--- Given material Enclosed Below ---

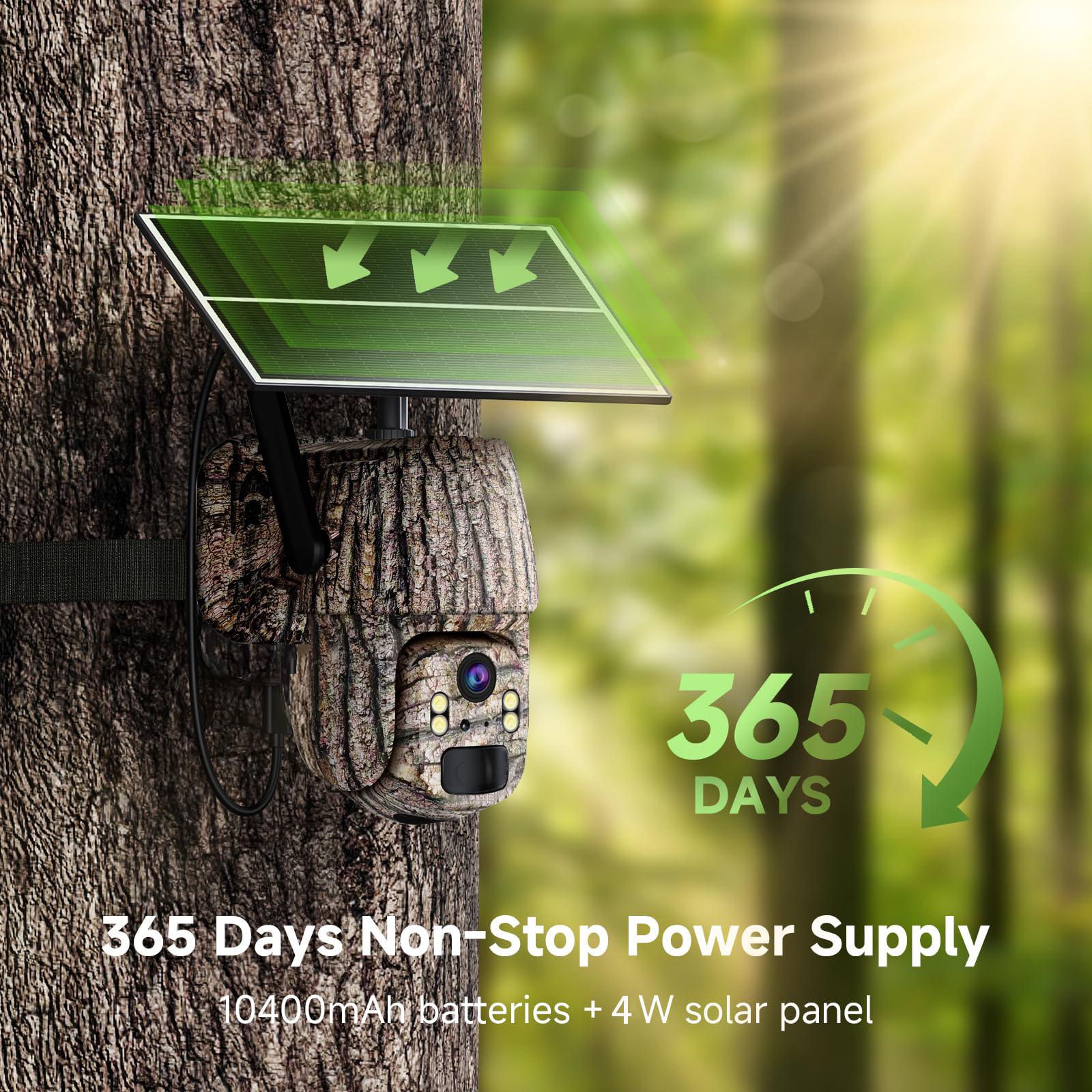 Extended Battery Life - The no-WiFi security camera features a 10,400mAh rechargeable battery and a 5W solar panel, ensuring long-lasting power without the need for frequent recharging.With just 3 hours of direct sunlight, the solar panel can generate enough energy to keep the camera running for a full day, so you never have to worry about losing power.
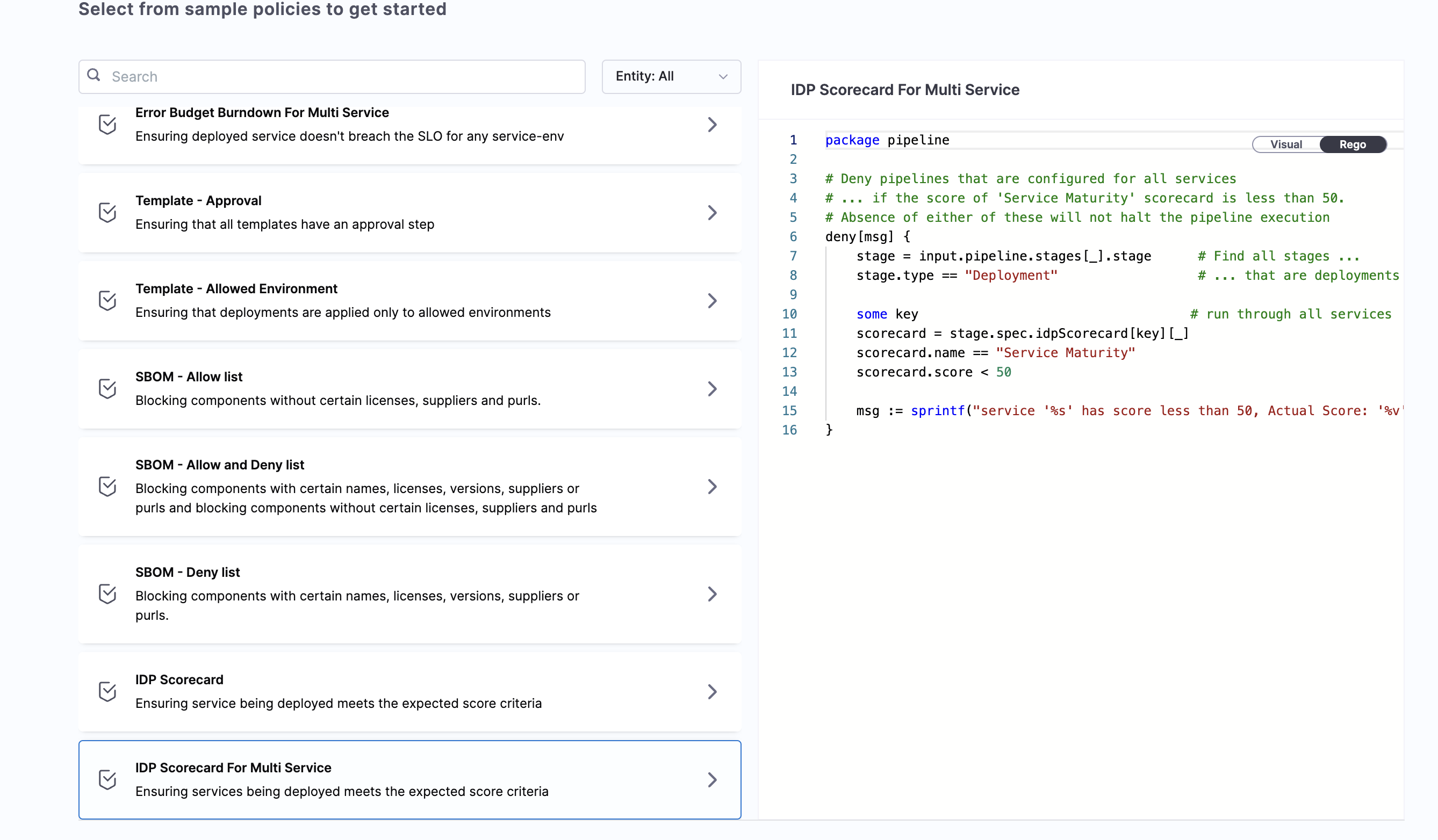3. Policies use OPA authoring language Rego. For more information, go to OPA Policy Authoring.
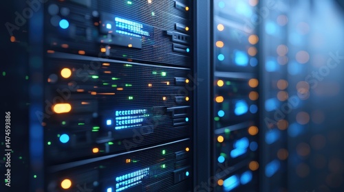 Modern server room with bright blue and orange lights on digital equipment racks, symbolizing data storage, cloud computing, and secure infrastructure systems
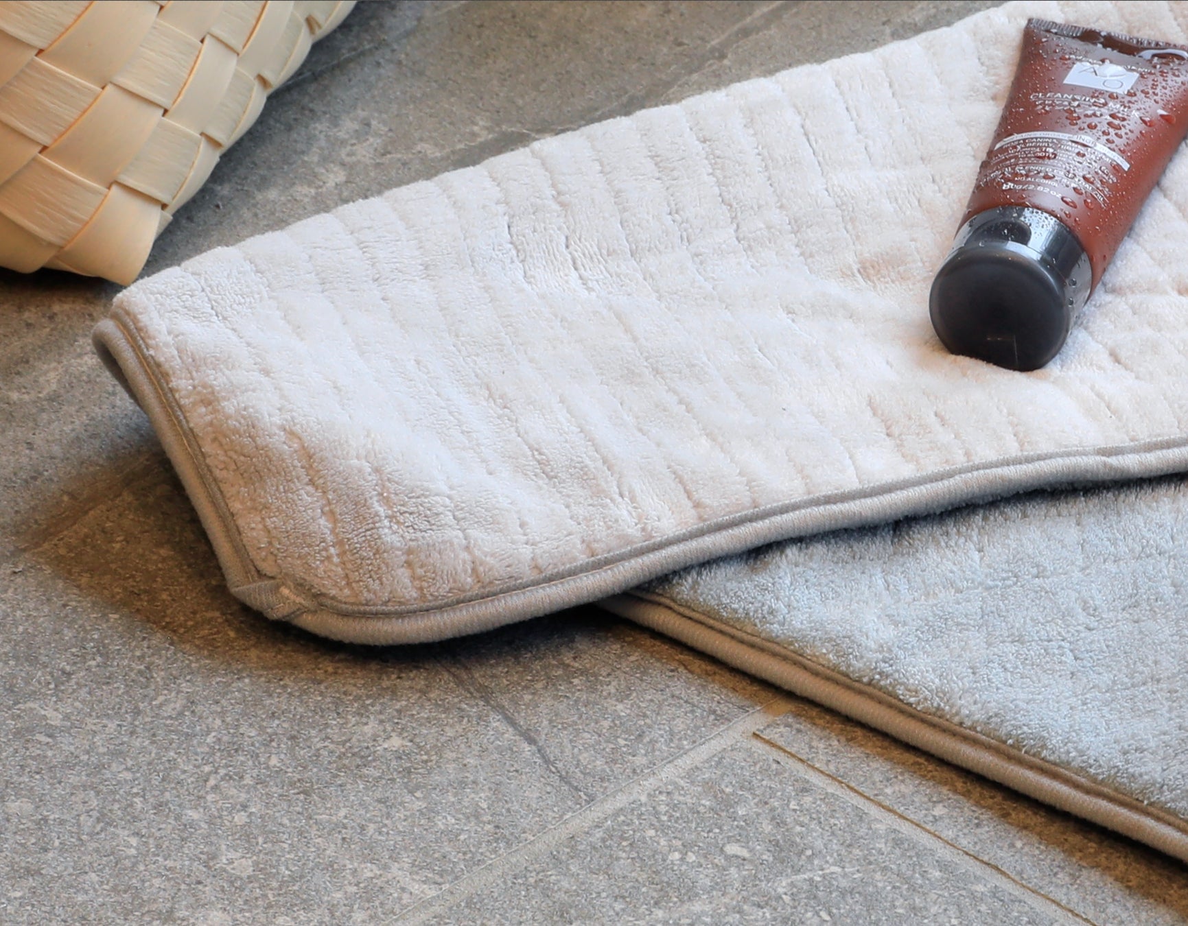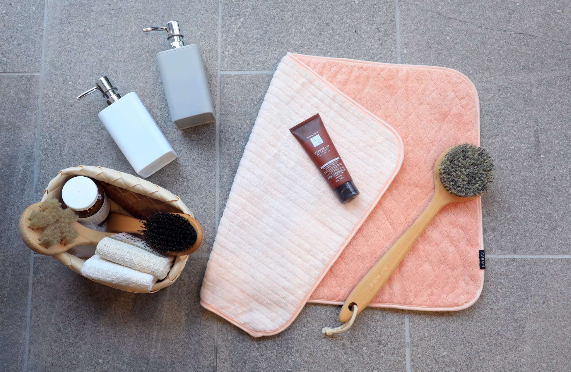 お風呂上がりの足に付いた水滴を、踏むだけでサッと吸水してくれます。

--- End of Enclosed Given material ---

▸ What is being asked:
Repeat verbatim the lines from the one with "3. Policies use" through the end of the listing above. Include both ends, add nothing, and exclude the pictures.

▸ Task solution:
3. Policies use OPA authoring language Rego. For more information, go to OPA Policy Authoring.
 Modern server room with bright blue and orange lights on digital equipment racks, symbolizing data storage, cloud computing, and secure infrastructure systems
 お風呂上がりの足に付いた水滴を、踏むだけでサッと吸水してくれます。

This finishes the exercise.